▸ **Recorded information**
==*==
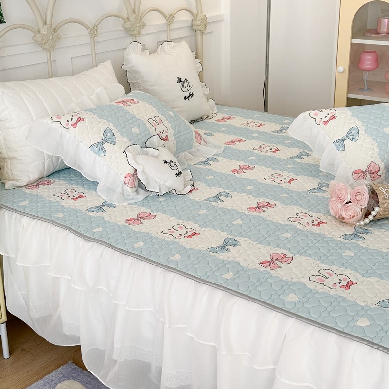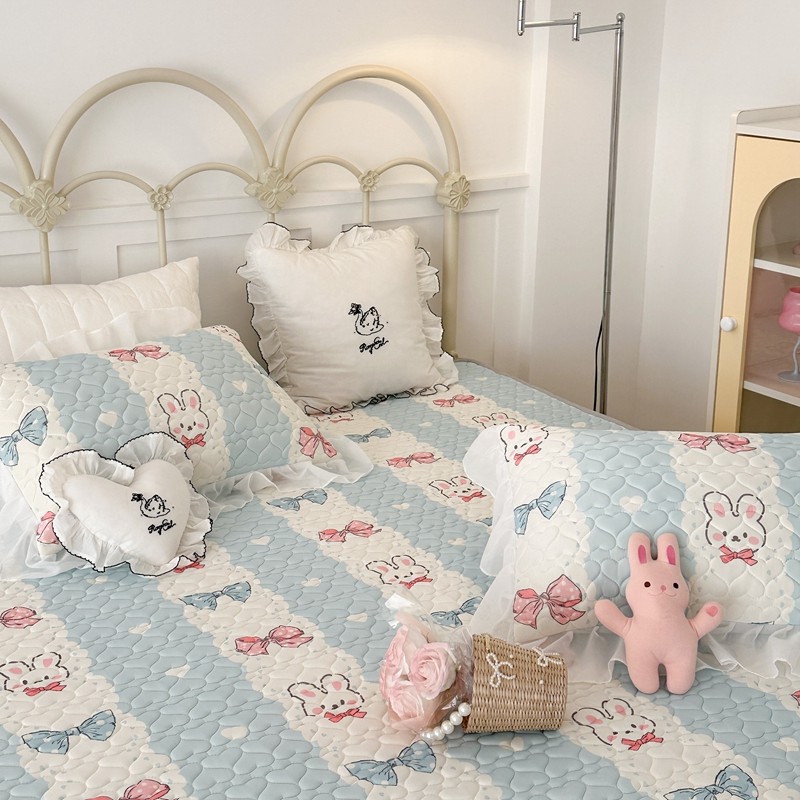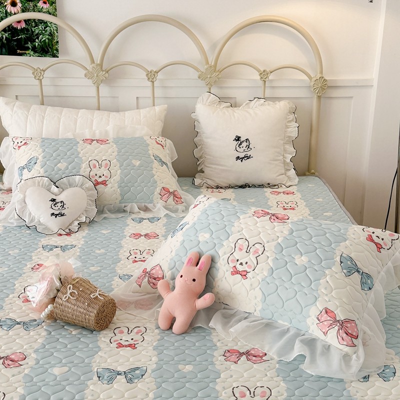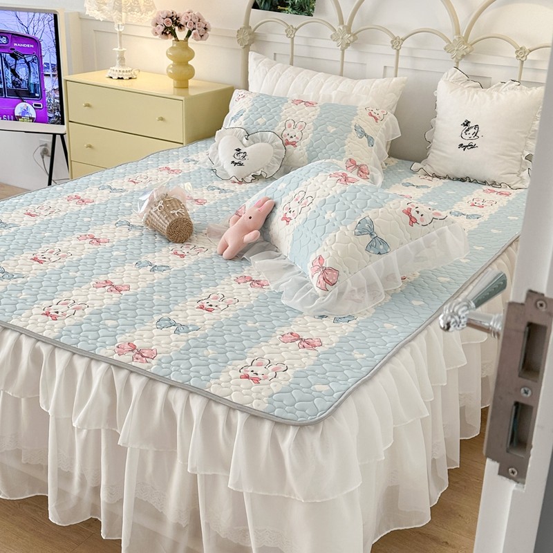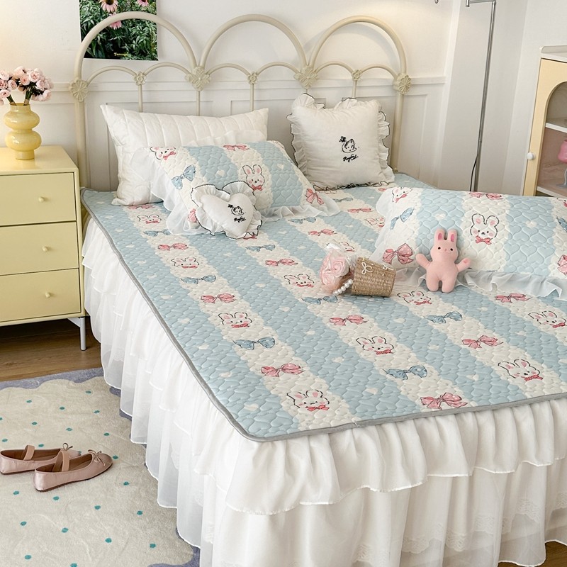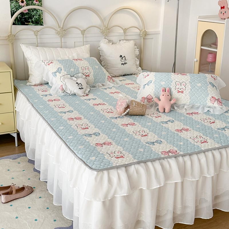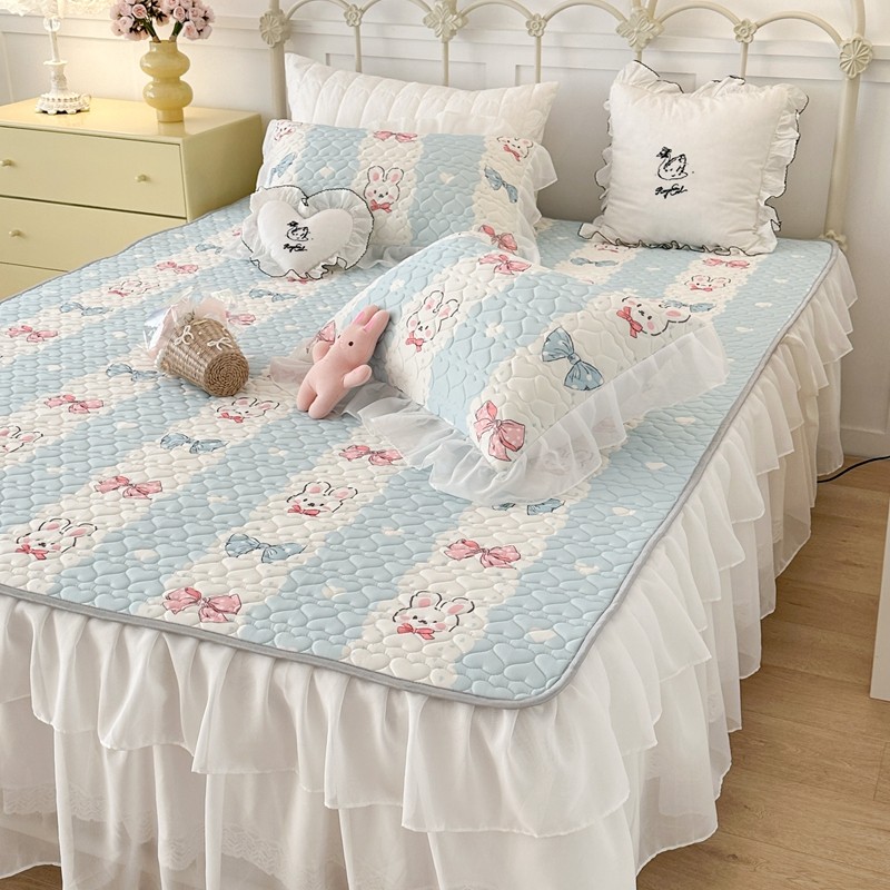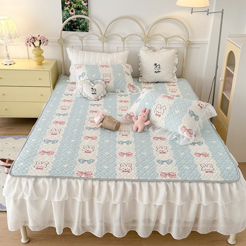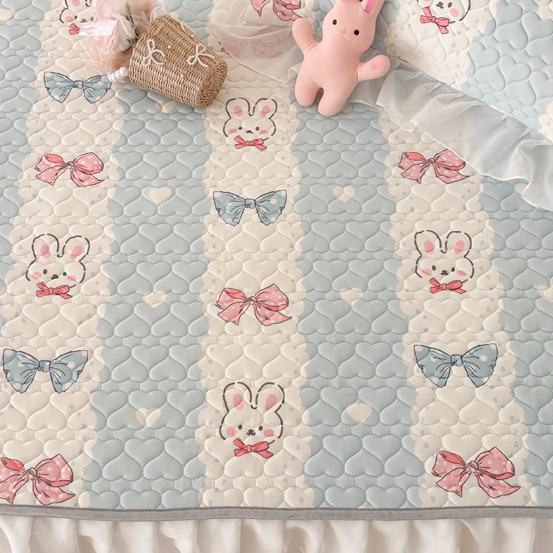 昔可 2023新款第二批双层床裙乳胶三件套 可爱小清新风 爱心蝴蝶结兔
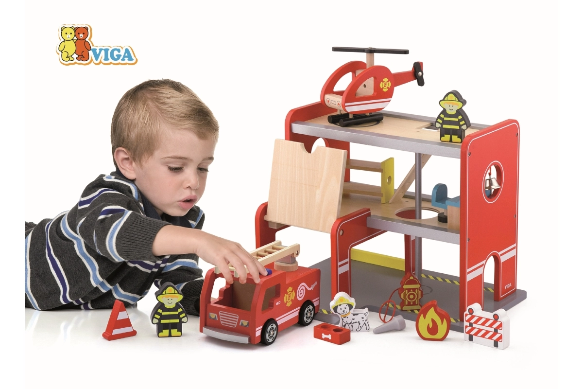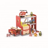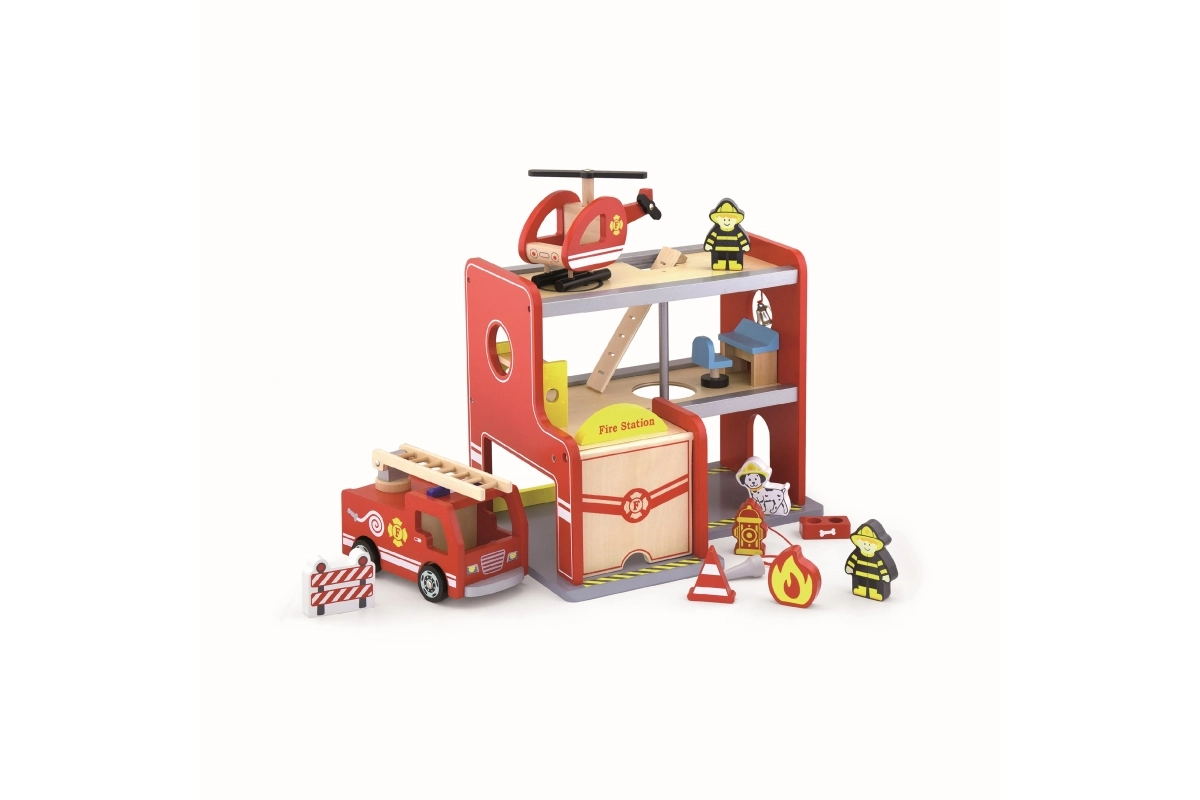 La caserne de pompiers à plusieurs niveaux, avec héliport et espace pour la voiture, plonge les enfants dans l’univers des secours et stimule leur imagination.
==*==
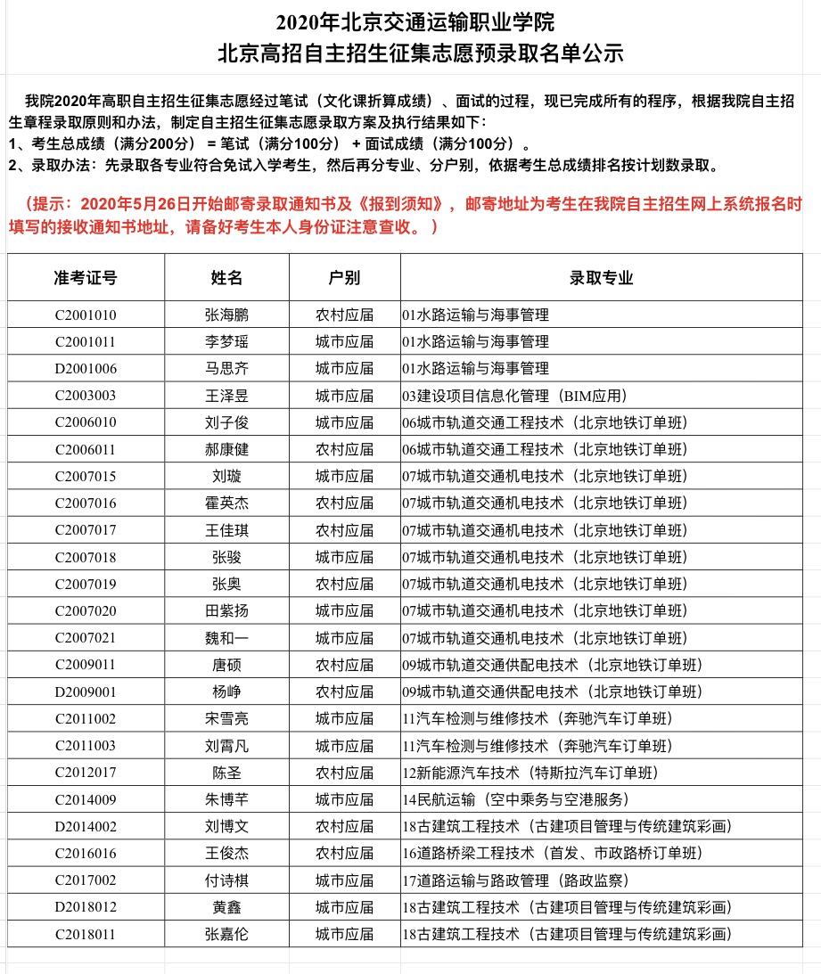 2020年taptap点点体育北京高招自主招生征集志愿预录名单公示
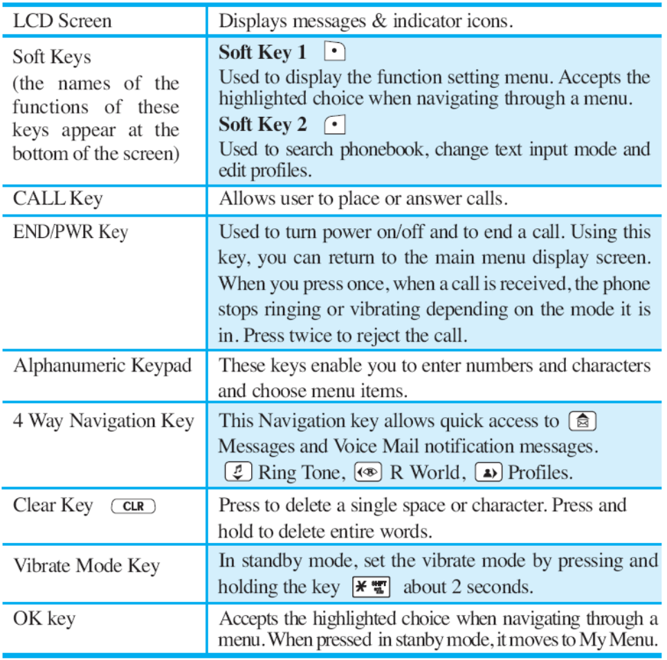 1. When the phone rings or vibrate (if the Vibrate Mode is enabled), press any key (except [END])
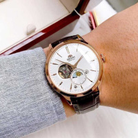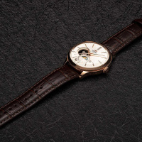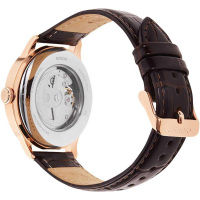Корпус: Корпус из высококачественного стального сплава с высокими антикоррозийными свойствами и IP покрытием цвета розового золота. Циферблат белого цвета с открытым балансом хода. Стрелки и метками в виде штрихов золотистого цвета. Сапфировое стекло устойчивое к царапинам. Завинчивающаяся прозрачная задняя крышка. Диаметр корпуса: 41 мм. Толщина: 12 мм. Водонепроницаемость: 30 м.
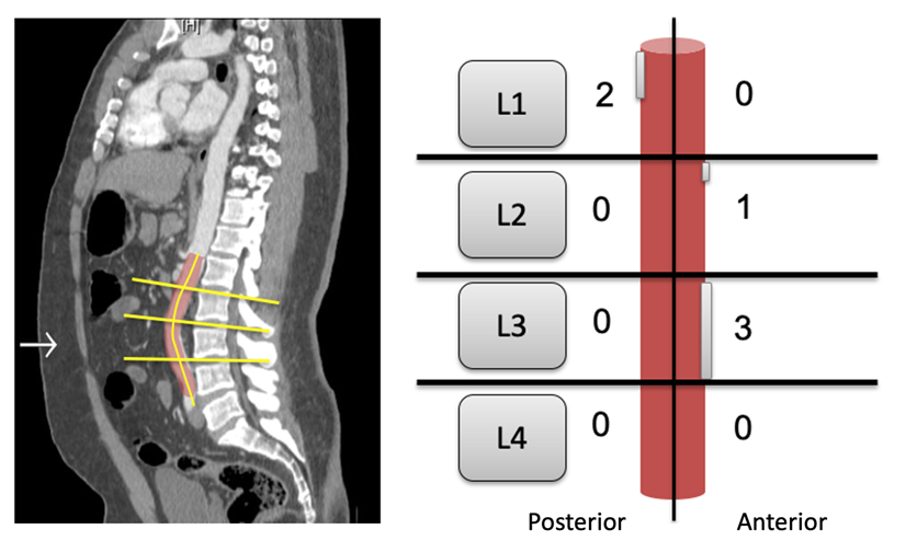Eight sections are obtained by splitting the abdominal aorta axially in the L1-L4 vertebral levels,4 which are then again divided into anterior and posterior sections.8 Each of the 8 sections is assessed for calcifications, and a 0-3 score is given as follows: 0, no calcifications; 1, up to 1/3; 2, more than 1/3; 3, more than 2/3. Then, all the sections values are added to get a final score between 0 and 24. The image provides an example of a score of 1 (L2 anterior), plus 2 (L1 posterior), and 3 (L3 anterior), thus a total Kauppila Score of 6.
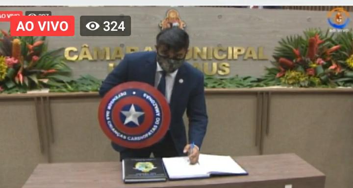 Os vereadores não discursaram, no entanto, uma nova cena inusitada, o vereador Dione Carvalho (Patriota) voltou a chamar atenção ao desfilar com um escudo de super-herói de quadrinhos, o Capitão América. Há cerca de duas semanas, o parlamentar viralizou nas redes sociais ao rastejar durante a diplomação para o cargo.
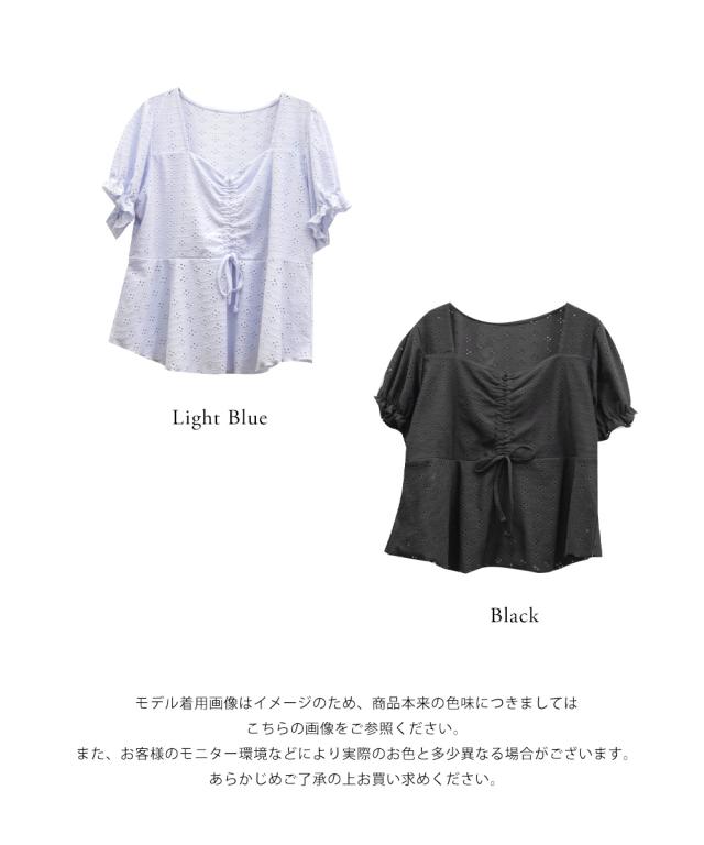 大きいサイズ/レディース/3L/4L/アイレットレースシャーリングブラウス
==*==
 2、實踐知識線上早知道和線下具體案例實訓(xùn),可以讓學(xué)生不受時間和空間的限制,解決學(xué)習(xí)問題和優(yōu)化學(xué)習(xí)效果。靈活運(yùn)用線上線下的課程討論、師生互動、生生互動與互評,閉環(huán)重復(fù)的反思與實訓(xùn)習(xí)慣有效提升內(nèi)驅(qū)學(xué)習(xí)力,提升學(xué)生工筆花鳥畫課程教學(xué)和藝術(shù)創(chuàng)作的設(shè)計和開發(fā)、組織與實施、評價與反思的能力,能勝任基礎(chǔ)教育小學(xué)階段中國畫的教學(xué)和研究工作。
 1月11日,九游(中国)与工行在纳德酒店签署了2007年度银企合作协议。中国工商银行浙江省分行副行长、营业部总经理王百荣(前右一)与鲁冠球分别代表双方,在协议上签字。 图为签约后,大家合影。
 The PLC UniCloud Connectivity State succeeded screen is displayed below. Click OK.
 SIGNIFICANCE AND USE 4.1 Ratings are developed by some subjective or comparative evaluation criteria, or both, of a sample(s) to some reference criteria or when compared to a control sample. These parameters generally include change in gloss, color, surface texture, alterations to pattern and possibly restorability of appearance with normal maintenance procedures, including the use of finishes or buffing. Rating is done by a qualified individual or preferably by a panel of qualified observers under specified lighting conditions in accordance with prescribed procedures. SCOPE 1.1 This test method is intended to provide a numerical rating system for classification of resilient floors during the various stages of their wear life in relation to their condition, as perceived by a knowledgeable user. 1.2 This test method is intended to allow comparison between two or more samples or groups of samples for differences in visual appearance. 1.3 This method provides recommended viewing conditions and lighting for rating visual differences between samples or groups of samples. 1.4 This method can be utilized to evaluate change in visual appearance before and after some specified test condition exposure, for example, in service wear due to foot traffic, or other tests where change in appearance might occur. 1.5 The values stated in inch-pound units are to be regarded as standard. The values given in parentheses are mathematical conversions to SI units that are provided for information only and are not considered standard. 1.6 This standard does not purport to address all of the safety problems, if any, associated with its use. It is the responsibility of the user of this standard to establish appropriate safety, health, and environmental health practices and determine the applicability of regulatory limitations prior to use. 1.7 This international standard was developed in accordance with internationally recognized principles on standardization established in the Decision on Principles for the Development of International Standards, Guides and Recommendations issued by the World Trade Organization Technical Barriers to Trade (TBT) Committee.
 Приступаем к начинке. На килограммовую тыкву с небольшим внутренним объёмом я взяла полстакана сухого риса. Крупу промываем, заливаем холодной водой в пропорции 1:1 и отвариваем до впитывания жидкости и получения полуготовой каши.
==*==
▸ **Work required**
Copy the lines above exactly, beginning at the line that has "1月11日,九游(中国)与工" and stopping after the line that has "The PLC UniCloud", and omit the rest.

▸ **Result of this task**
 1月11日,九游(中国)与工行在纳德酒店签署了2007年度银企合作协议。中国工商银行浙江省分行副行长、营业部总经理王百荣(前右一)与鲁冠球分别代表双方,在协议上签字。 图为签约后,大家合影。
 The PLC UniCloud Connectivity State succeeded screen is displayed below. Click OK.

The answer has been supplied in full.